Data provided: Begin

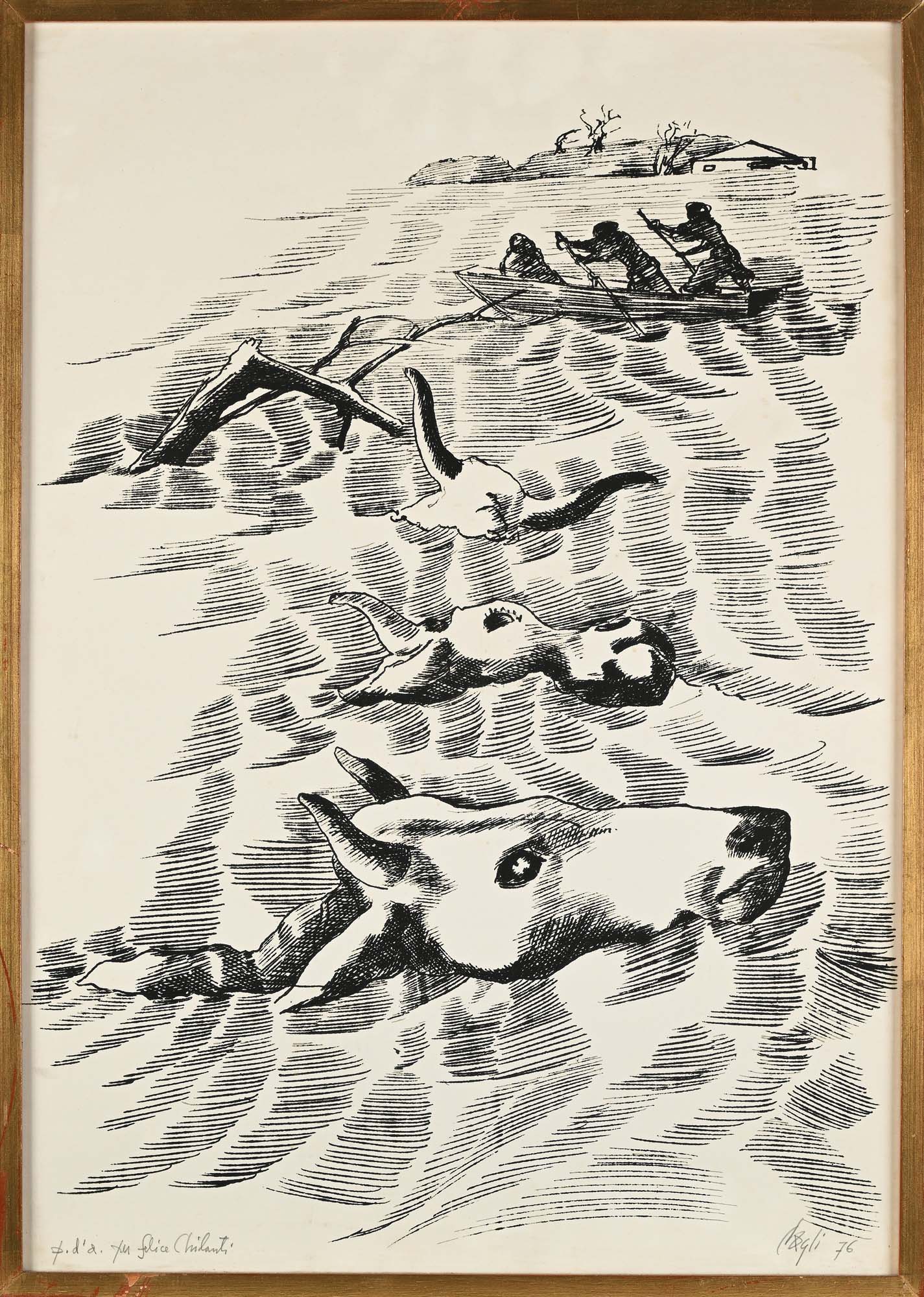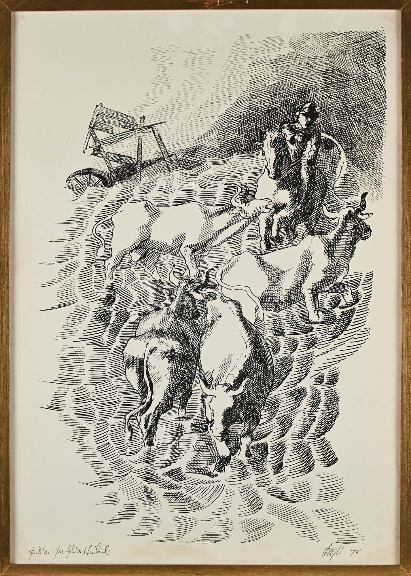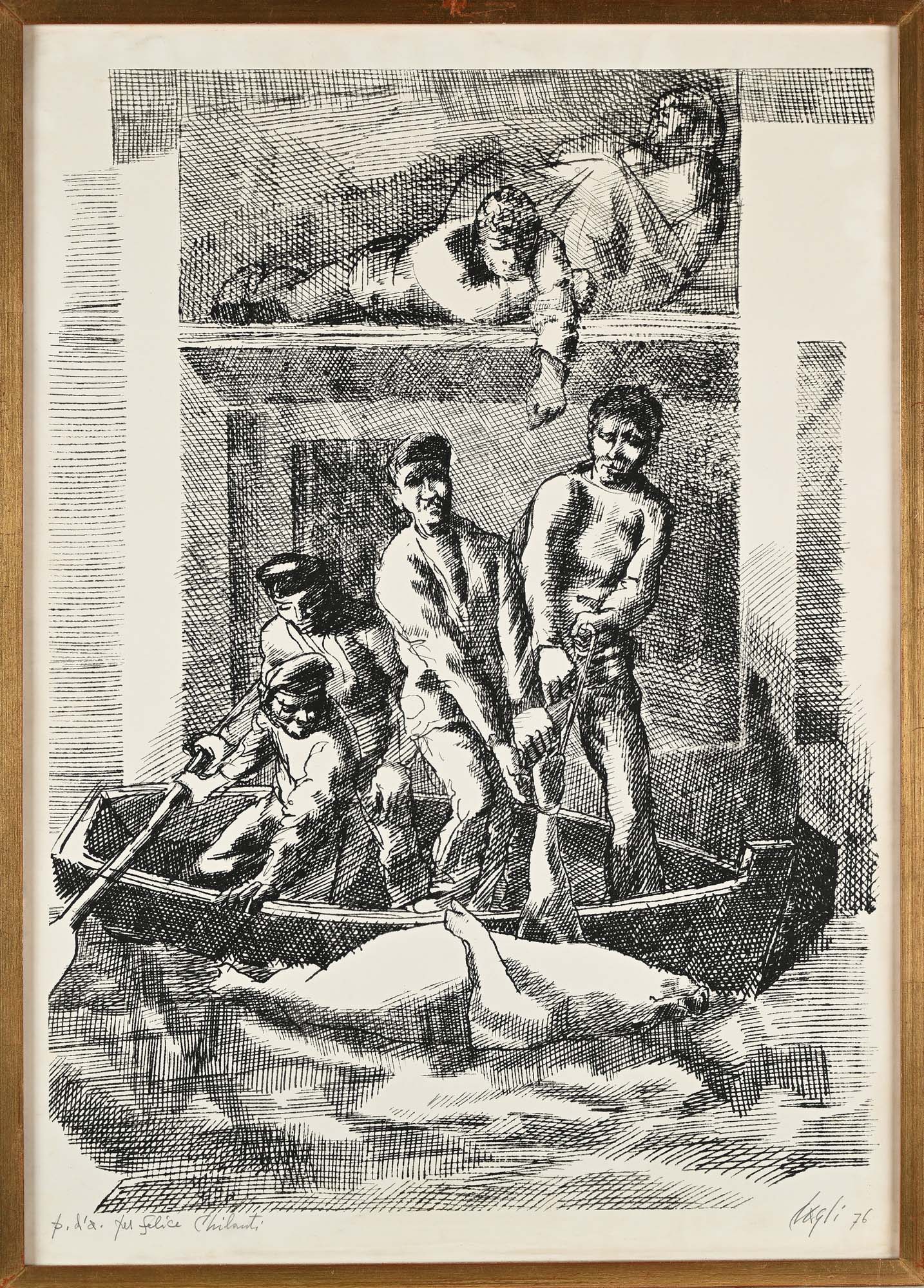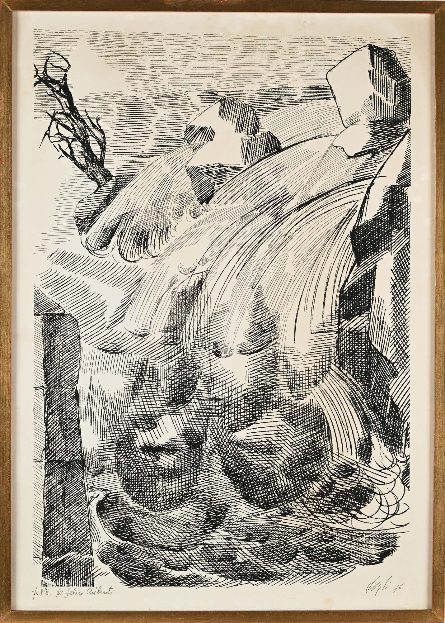 Corrado Cagli Sei litografie di Corrado Cagli in cornice 1976 Litografia Tutte e sei le litografie sono firmate, datate e dedicate "Cagli '76, P.d.s. per Felice Chilanti". Ognuna misura cm 70x50 Coll. Felice Chilanti, Roma
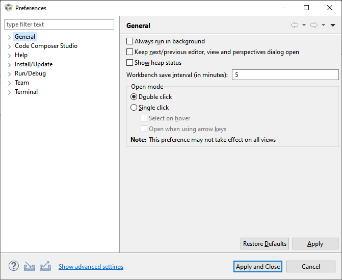 我正在使用 CCS 9.1.0.00010,并在输入制表符时尝试设置制表符大小。 在“窗口->首选项”中,在“常规”->“编辑器”->“文本编辑器”下,我可以修改“显示的标签宽度”和“为标签插入空格”。 但是我找不到一个地方让我可以在键入选项卡时更改其大小。 我应该去别的地方吗?
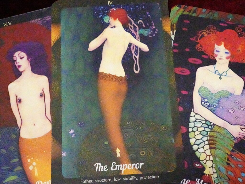 ほとんどのカードが女性の人魚で構成されている中、皇帝は男性と思しき人魚が採用されています。
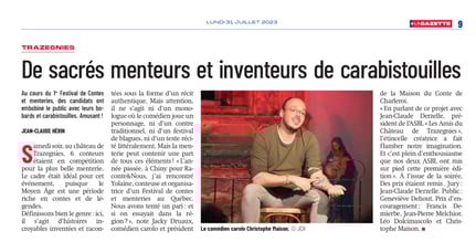 Merci à Jean-Claude Hérin pour ce bel article dans La Nouvelle Gazette de ce lundi 31 juillet, relatif à notre 1er Festival de Contes et Menteries de Trazegnies des 28 et 29 juillet 2023
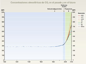 preindustriales de unas 280 ppm y las 368 ppm del año 2000). |
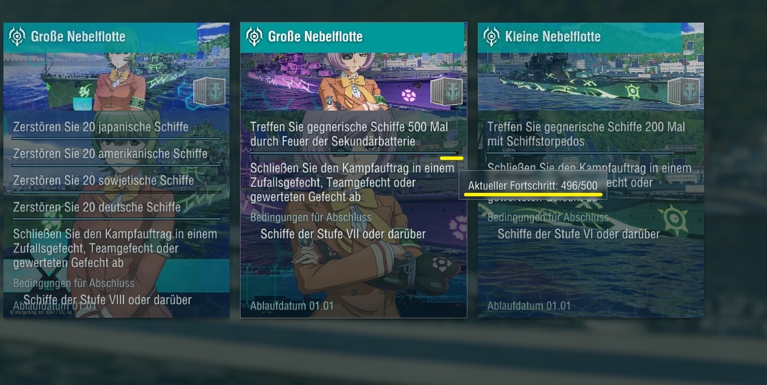 Hab einfach zuviele ARP Schiffe. Je 4 Stück der T5 Kongo und 4 Stück der T7 Myoko Klasse. Dazu noch die Takao. Würde gerne je 3 Stück loswerden. Was aber nicht geht. Dabei hab ich mich wirklich angestrengt um keine mehr abzuschließen. Leider hat nicht geklappt. Mist.
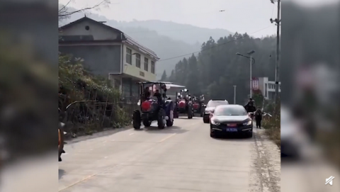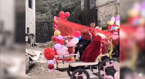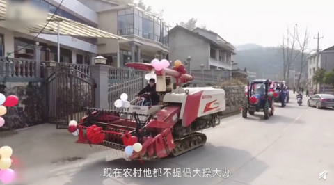 最强农机迎亲车队!返乡大学生新娘用插秧机当婚车,网友:真霸气
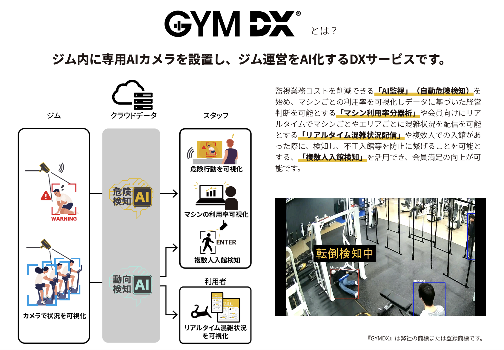 ジム内に専用カメラを設置し、ジム運営をAI化するDXサービスです。
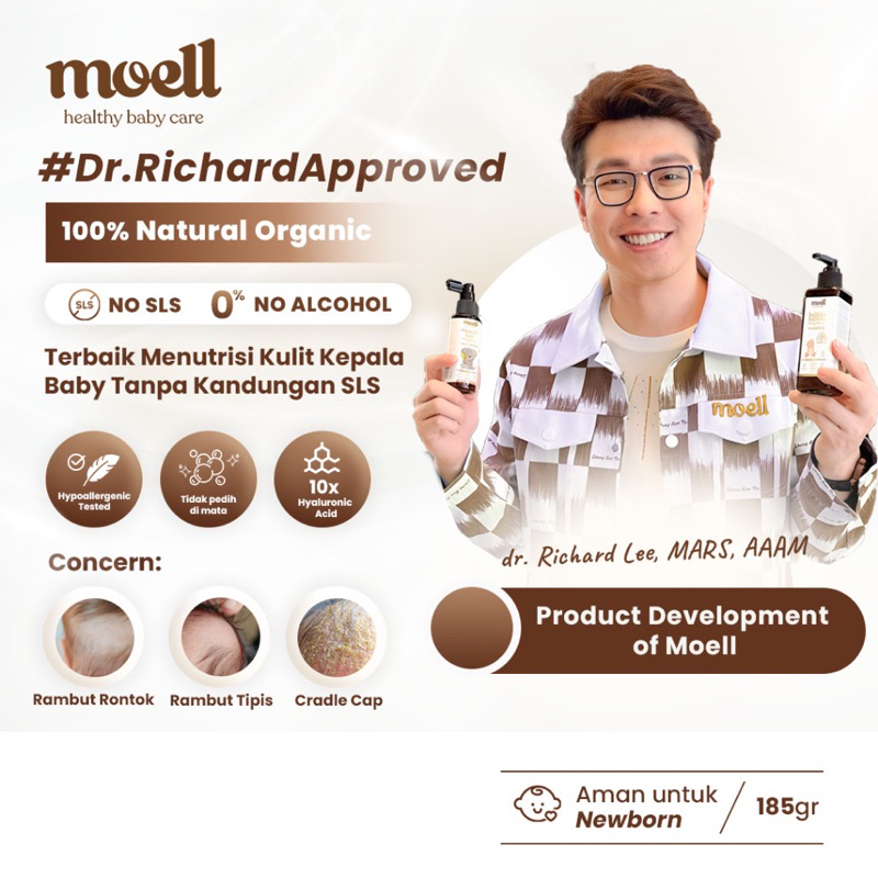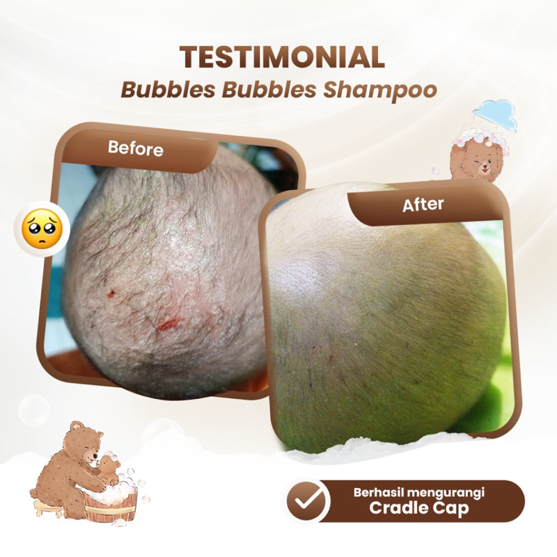 Bubbles bubbles everywhere shampoo adalah satu-satunya shampoo bayi dengan bahan Full Natural organic tanpa kandungan SLS dan tanpa alkohol, diperkaya dengan kandungan 3 essential oil(Organic Avocado Oil, Calendula Oil, Argan Oil, 10x Hyaluronic Acid) yang dapat membersihkan kulit kepala bayi dengan lembut, menghaluskan dan memberikan keharuman pada kulit rambut bayi. Rambut tampak lebih sehat, hitam, dan lebat dengan pemakaian teratur bersama Moell Hair Lotion

Data provided: End

__Task directions__: The reply must hold every line above exactly as written and none of the pictures.

__Finished task__:
 Corrado Cagli Sei litografie di Corrado Cagli in cornice 1976 Litografia Tutte e sei le litografie sono firmate, datate e dedicate "Cagli '76, P.d.s. per Felice Chilanti". Ognuna misura cm 70x50 Coll. Felice Chilanti, Roma
 我正在使用 CCS 9.1.0.00010,并在输入制表符时尝试设置制表符大小。 在“窗口->首选项”中,在“常规”->“编辑器”->“文本编辑器”下,我可以修改“显示的标签宽度”和“为标签插入空格”。 但是我找不到一个地方让我可以在键入选项卡时更改其大小。 我应该去别的地方吗?
 ほとんどのカードが女性の人魚で構成されている中、皇帝は男性と思しき人魚が採用されています。
 Merci à Jean-Claude Hérin pour ce bel article dans La Nouvelle Gazette de ce lundi 31 juillet, relatif à notre 1er Festival de Contes et Menteries de Trazegnies des 28 et 29 juillet 2023
 preindustriales de unas 280 ppm y las 368 ppm del año 2000). |
 Hab einfach zuviele ARP Schiffe. Je 4 Stück der T5 Kongo und 4 Stück der T7 Myoko Klasse. Dazu noch die Takao. Würde gerne je 3 Stück loswerden. Was aber nicht geht. Dabei hab ich mich wirklich angestrengt um keine mehr abzuschließen. Leider hat nicht geklappt. Mist.
 最强农机迎亲车队!返乡大学生新娘用插秧机当婚车,网友:真霸气
 ジム内に専用カメラを設置し、ジム運営をAI化するDXサービスです。
 Bubbles bubbles everywhere shampoo adalah satu-satunya shampoo bayi dengan bahan Full Natural organic tanpa kandungan SLS dan tanpa alkohol, diperkaya dengan kandungan 3 essential oil(Organic Avocado Oil, Calendula Oil, Argan Oil, 10x Hyaluronic Acid) yang dapat membersihkan kulit kepala bayi dengan lembut, menghaluskan dan memberikan keharuman pada kulit rambut bayi. Rambut tampak lebih sehat, hitam, dan lebat dengan pemakaian teratur bersama Moell Hair Lotion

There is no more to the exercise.